To the best of our knowledge, there have been no reports of endoscopically assisted MM using an intraoral approach alone. We suspect that such reports have not been published for the following reasons: (1) confined surgical indication (i.e., in patients who require neck dissection or other extraoral approach for tumor exposure, there is no requirement to maintain an intraoral surgery approach); (2) physical limitations (i.e., this method cannot be performed without using the endoscope and oscillating saw as dedicated surgical instruments); and (3) non-physical limitations (i.e., endoscopically assisted surgery requires certain technical skills in both the surgeon and the assistants). However, in patients for whom the cheek-splitting and/or transbuccal techniques are appropriate, endoscopically assisted MM may be useful.

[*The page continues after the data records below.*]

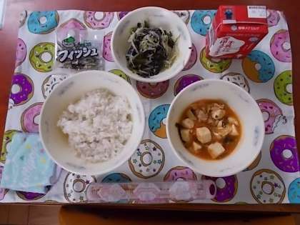 今日の献立は「麦ごはん・牛乳・とうふの四川風・ほうれん草ともやしのいためナムル・じゃこ」でした。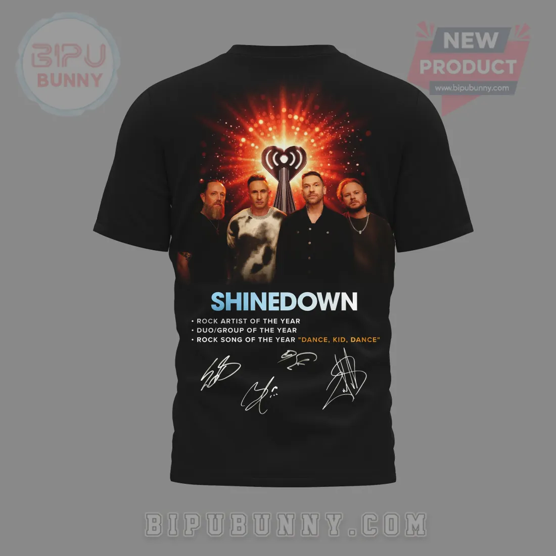 This Shinedown iHeartRadio Rock Artist Of The Year Signed T-Shirt isn’t just merchandise; it’s a testament to powerful graphic execution. True quality in band apparel shines through its visual details and the impactful aesthetic.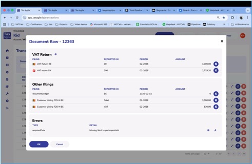 Fig 4: The Document flow dialog showing VAT returns, other filings, and any errors for a transaction.

We cannot make definitive statements regarding the usefulness of this approach because there have been few reports; that is an important limitation of this technical note. In particular, because of the ongoing wide usage of endoscopic instruments for conventional transnasal surgery, the existing reports comprise studies regarding the use of endoscopically assisted maxillectomy by otorhinolaryngologists.[19,20] For MM, studies with large cohorts of patients should be performed to confirm the findings in this report.

Conclusion

Endoscopically assisted MM using an intraoral approach alone may be useful because it avoids damage to facial skin and improves safety by employing an enlarged bright field.